▶ [Exercise materials]
════
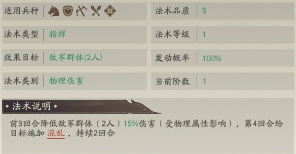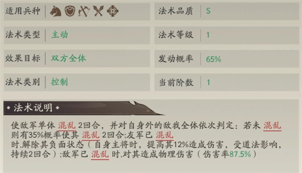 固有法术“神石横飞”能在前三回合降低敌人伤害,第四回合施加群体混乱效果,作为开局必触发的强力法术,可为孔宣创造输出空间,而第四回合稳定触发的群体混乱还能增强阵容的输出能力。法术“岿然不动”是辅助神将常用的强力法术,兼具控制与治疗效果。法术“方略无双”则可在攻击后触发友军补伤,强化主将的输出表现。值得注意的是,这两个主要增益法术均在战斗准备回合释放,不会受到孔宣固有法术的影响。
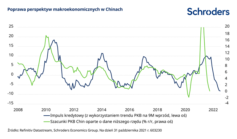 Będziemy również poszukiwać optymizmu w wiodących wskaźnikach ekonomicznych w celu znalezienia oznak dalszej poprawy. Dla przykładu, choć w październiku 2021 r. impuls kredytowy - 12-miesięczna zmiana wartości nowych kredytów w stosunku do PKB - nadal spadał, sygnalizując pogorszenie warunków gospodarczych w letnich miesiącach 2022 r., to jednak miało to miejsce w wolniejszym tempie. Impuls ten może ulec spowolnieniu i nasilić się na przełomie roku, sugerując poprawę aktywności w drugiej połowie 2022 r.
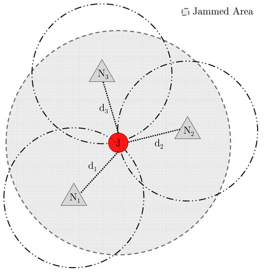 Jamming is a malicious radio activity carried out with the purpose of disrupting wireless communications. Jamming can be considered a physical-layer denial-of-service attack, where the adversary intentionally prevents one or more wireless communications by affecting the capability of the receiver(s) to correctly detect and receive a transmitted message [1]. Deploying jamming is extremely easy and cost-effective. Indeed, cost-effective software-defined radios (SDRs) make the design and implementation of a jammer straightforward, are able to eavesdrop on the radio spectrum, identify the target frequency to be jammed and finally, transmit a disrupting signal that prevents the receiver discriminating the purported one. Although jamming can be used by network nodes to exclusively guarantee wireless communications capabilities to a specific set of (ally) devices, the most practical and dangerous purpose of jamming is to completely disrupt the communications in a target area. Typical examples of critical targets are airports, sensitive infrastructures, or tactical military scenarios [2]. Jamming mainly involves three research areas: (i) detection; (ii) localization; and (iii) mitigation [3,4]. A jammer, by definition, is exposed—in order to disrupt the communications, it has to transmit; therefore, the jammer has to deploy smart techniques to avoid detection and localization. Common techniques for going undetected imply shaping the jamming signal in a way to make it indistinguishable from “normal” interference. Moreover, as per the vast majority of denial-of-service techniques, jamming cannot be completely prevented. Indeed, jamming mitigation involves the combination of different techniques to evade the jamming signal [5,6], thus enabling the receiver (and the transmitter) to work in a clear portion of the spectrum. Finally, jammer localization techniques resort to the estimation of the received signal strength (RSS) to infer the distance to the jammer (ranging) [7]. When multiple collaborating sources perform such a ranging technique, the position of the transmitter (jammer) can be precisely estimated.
════
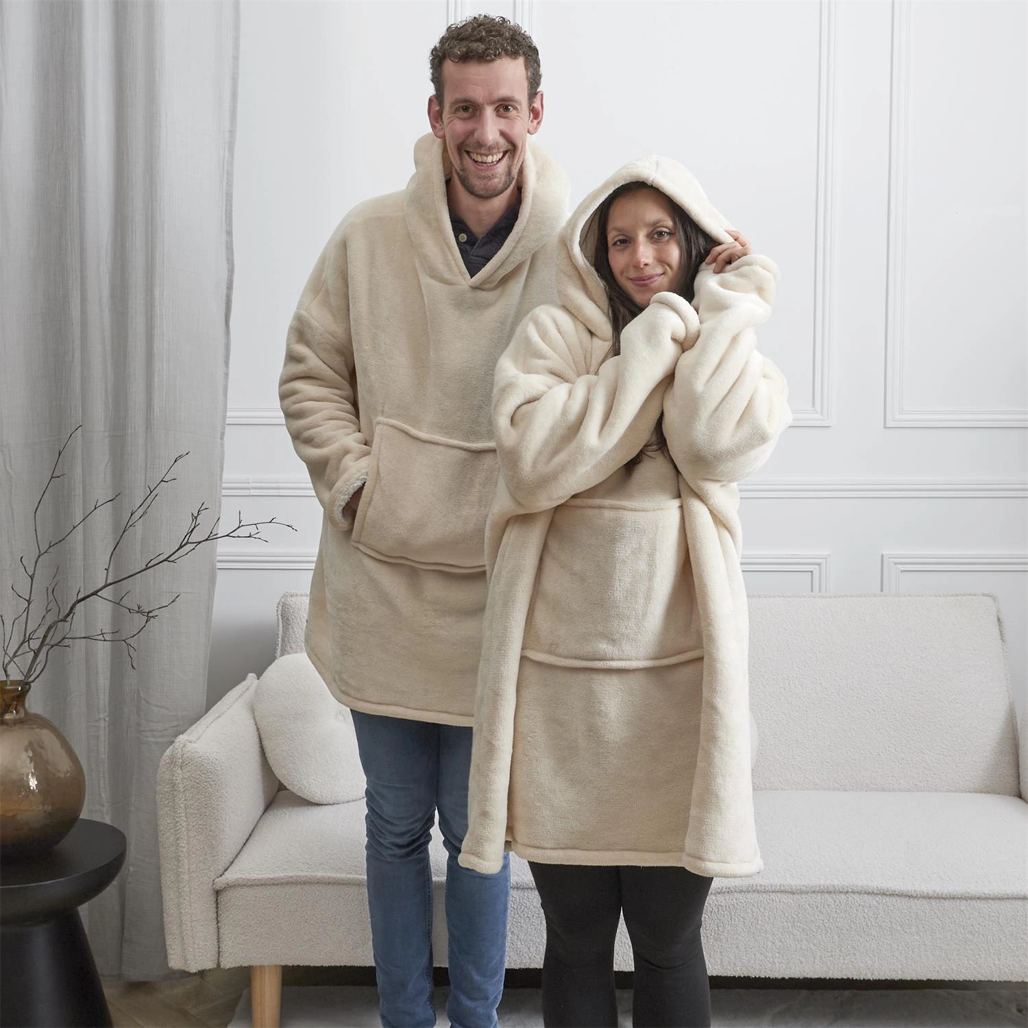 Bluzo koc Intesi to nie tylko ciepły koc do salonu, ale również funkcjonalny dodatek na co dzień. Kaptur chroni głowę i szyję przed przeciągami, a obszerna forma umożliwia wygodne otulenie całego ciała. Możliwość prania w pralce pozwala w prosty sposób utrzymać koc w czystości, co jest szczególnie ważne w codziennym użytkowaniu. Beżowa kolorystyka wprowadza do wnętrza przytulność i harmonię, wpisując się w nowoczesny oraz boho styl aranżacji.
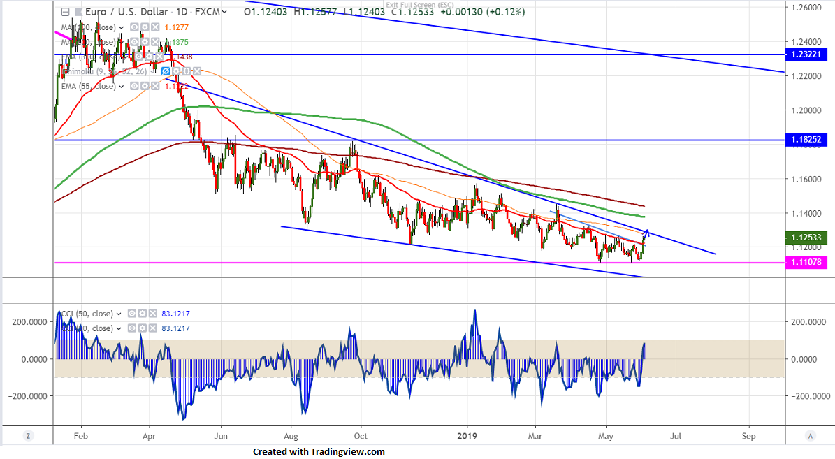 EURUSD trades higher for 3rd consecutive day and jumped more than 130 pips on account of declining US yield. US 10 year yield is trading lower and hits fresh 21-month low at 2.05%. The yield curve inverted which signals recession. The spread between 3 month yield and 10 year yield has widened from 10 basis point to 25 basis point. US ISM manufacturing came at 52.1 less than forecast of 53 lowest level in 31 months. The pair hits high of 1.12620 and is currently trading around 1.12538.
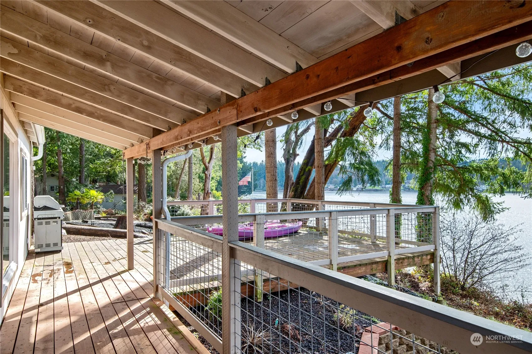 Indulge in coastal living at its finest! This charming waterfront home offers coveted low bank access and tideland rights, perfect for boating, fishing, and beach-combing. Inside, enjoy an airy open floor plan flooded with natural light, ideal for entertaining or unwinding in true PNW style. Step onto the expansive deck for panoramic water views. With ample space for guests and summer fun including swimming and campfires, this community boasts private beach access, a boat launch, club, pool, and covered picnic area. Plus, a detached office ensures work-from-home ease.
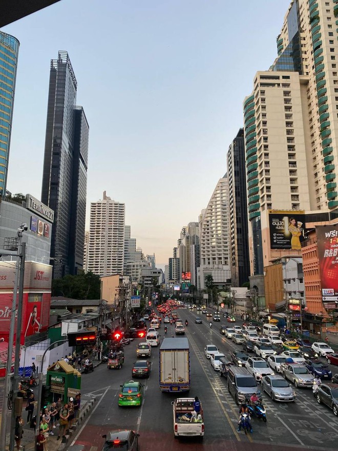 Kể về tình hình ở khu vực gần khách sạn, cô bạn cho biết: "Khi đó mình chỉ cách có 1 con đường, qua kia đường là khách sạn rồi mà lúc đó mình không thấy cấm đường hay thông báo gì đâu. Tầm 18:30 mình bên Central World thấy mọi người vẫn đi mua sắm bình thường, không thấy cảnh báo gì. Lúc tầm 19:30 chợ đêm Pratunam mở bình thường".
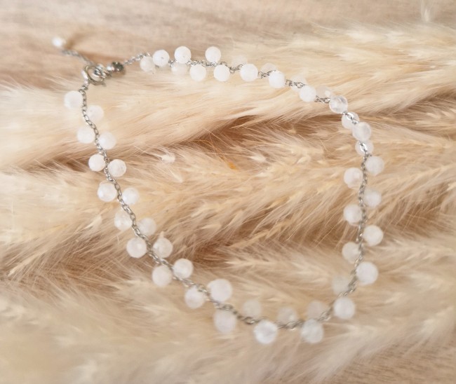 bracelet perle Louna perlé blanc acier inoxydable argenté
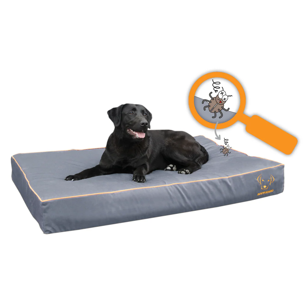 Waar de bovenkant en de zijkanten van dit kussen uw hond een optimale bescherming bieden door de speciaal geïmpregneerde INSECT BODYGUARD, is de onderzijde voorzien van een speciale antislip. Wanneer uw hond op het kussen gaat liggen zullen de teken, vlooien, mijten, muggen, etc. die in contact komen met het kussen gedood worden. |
════
▶ [What to produce] After locating the line containing "EURUSD trades higher" in the entries above, return it and every line after it exactly, ending at the line containing "Waar de bovenkant", without pictures.

▶ [Answer space]
 EURUSD trades higher for 3rd consecutive day and jumped more than 130 pips on account of declining US yield. US 10 year yield is trading lower and hits fresh 21-month low at 2.05%. The yield curve inverted which signals recession. The spread between 3 month yield and 10 year yield has widened from 10 basis point to 25 basis point. US ISM manufacturing came at 52.1 less than forecast of 53 lowest level in 31 months. The pair hits high of 1.12620 and is currently trading around 1.12538.
 Indulge in coastal living at its finest! This charming waterfront home offers coveted low bank access and tideland rights, perfect for boating, fishing, and beach-combing. Inside, enjoy an airy open floor plan flooded with natural light, ideal for entertaining or unwinding in true PNW style. Step onto the expansive deck for panoramic water views. With ample space for guests and summer fun including swimming and campfires, this community boasts private beach access, a boat launch, club, pool, and covered picnic area. Plus, a detached office ensures work-from-home ease.
 Kể về tình hình ở khu vực gần khách sạn, cô bạn cho biết: "Khi đó mình chỉ cách có 1 con đường, qua kia đường là khách sạn rồi mà lúc đó mình không thấy cấm đường hay thông báo gì đâu. Tầm 18:30 mình bên Central World thấy mọi người vẫn đi mua sắm bình thường, không thấy cảnh báo gì. Lúc tầm 19:30 chợ đêm Pratunam mở bình thường".
 bracelet perle Louna perlé blanc acier inoxydable argenté
 Waar de bovenkant en de zijkanten van dit kussen uw hond een optimale bescherming bieden door de speciaal geïmpregneerde INSECT BODYGUARD, is de onderzijde voorzien van een speciale antislip. Wanneer uw hond op het kussen gaat liggen zullen de teken, vlooien, mijten, muggen, etc. die in contact komen met het kussen gedood worden. |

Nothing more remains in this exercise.